Source: Balfegó Grup

 

At the beginning of September, the art, flavours and traditions of Japan settled in the city of Madrid in the form of a championship. Under the name ITAMAE, the Balfegó company, specialized in fishing, aquaculture, marketing and gastronomy of bluefin tuna from the Atlantic and the Mediterranean, launched the first Spanish sushi competition for professional chefs, aimed at disseminating Japanese gastronomy and culture.

The championship, which took place on September 5th at the facilities of the Complejo Duques de Pastrana, was presided over by a jury made up of professionals in the gastronomic discipline of sushi: Hideki Matsuhisa (Koy Shunka, Barcelona), Yoshikazu Yanome (Kaido, Valencia), Ricardo Sanz (Kabuki, Madrid) and Victor Planas (Kensei, Tenerife).

Thus, with Asian music in the background, a large screen so that the public did not lose detail, and a lot of concentration translated into long silences, the championship final was held. After a few long and intense hours, and many tests, the chef Steven Bosen Wu Zheng was proclaimed the winner of the contest.

Trained in Tokyo, Belgium and Spain, the young chef began working as an Assistant Chef Teppanyaki at the Imperial Restaurant in Pamplona, ​​where he became Head Chef in just a few years. After a period of one year in the kitchen of the famous Uosaburo (Kyoto), a restaurant with a Michelin star, he returned to head the kitchen of the Imperial.

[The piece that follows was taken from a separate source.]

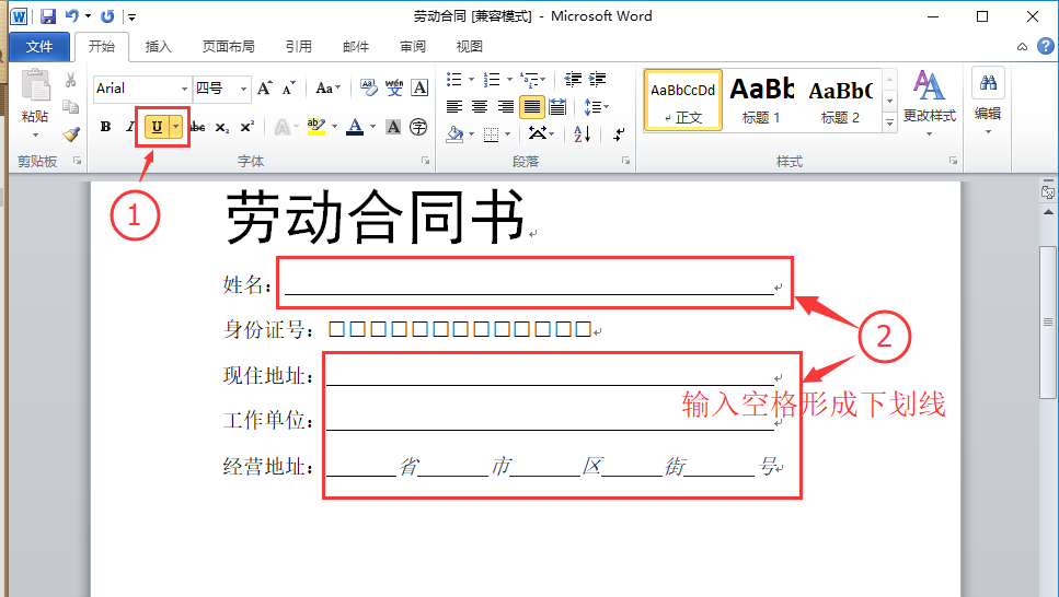 光标定位在“姓名”后,点击开始选项卡中的下划线按钮,输入多个空格就能显示出下划线,如图所示。按照这个操作,给所有需要添加下划线的位置进行添加。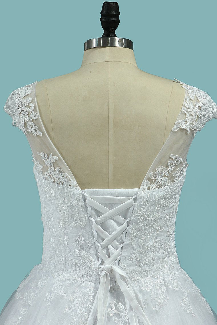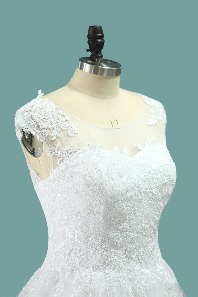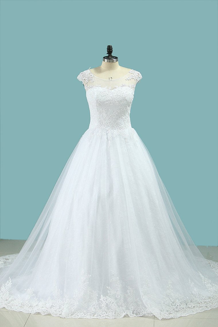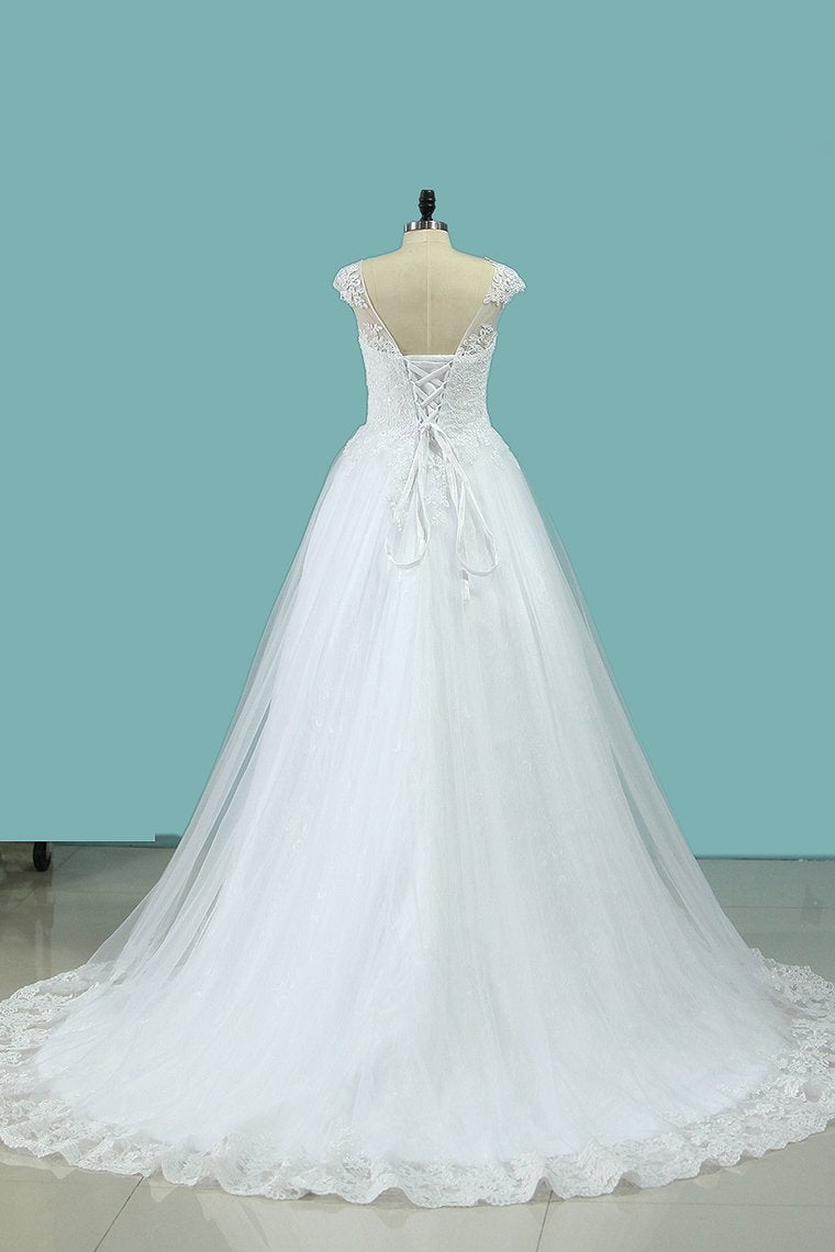 2024 Scoop A Line Wedding Dresses Tulle With Applique Cathedral Train

According to the jury, the champion of the contest has obtained the distinction for "his mastery, dexterity, agility and originality, as well as the presentation and cooking techniques used". In second and third place we find the chefs, Luis Bandera Heredia, from Grupo Mosh Restaurants (Marbella), and Wenji Peng, from the Oishi restaurant (Reus), respectively.

Steven Bosen Wu Zheng will enjoy a trip to Japan for two people, including flights and accommodation and 3,000 euros in cash to enjoy gastronomy in the Japanese country. To this is added, living a "Balfegó Experience", an award that the second and third classified will also receive, which consists of a Tuna Tour, food in Tunateca and a visit to the company's facilities to see all its processes.

Parallel to the championship, various shows, exhibitions and workshops were held with the aim of showing the public the highlights of Japanese culture. Taiko (Japanese traditional drum) and Koto (12-string instrument and ancient in Japan) concerts, Japanese ceramic exhibitions, bookbinding and Japanese calligraphy workshops, and traditional dance classes, such as Bon Odori, were organized.